:: THE DATA ::
····················

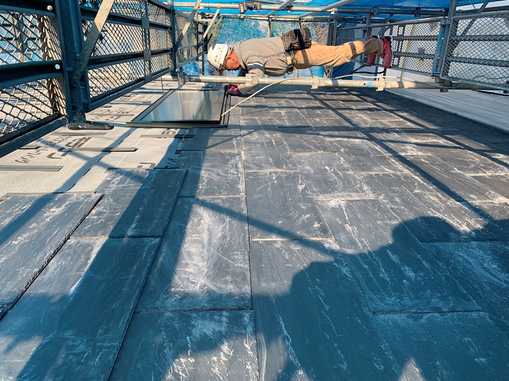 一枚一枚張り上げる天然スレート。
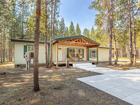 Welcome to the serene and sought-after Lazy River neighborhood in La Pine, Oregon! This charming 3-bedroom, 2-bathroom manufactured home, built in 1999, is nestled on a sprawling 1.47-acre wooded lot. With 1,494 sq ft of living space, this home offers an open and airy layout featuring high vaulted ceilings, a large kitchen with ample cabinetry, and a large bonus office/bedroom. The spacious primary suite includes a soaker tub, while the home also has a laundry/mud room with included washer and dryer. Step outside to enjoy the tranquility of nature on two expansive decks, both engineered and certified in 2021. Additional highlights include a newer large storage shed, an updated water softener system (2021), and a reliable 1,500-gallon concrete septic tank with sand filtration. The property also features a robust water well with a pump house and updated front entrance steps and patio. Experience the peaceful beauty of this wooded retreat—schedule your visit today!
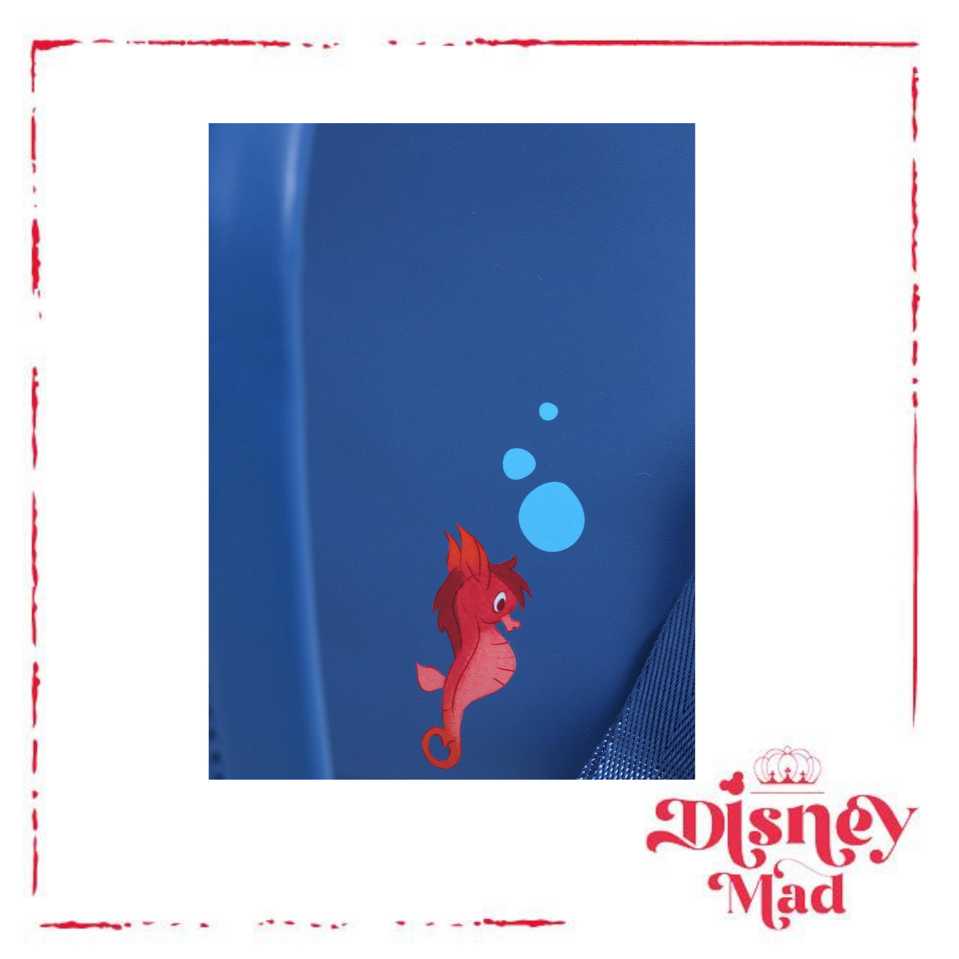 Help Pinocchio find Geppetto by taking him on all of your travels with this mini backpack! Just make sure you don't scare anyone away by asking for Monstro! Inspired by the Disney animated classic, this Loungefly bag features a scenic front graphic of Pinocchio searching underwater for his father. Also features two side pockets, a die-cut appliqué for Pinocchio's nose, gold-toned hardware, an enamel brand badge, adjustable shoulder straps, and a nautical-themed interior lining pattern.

····················

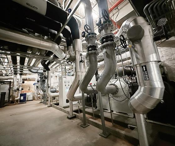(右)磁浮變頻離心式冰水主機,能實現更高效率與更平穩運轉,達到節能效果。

····················

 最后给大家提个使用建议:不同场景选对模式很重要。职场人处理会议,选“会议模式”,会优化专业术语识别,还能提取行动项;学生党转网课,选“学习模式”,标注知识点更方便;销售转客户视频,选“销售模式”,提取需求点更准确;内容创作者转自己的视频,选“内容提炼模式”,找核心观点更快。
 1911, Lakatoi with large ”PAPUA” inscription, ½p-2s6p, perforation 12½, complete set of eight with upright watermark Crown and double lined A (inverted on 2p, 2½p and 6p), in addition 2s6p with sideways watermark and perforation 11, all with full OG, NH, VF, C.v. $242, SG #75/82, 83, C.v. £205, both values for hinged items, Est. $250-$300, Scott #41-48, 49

····················

:: ASSIGNMENT ::
Repeat only the stretch of data above that runs from the line with "Welcome to the" to the line with "Help Pinocchio find". Keep both end lines; exclude pictures.

:: YOUR RESPONSE ::
 Welcome to the serene and sought-after Lazy River neighborhood in La Pine, Oregon! This charming 3-bedroom, 2-bathroom manufactured home, built in 1999, is nestled on a sprawling 1.47-acre wooded lot. With 1,494 sq ft of living space, this home offers an open and airy layout featuring high vaulted ceilings, a large kitchen with ample cabinetry, and a large bonus office/bedroom. The spacious primary suite includes a soaker tub, while the home also has a laundry/mud room with included washer and dryer. Step outside to enjoy the tranquility of nature on two expansive decks, both engineered and certified in 2021. Additional highlights include a newer large storage shed, an updated water softener system (2021), and a reliable 1,500-gallon concrete septic tank with sand filtration. The property also features a robust water well with a pump house and updated front entrance steps and patio. Experience the peaceful beauty of this wooded retreat—schedule your visit today!
 Help Pinocchio find Geppetto by taking him on all of your travels with this mini backpack! Just make sure you don't scare anyone away by asking for Monstro! Inspired by the Disney animated classic, this Loungefly bag features a scenic front graphic of Pinocchio searching underwater for his father. Also features two side pockets, a die-cut appliqué for Pinocchio's nose, gold-toned hardware, an enamel brand badge, adjustable shoulder straps, and a nautical-themed interior lining pattern.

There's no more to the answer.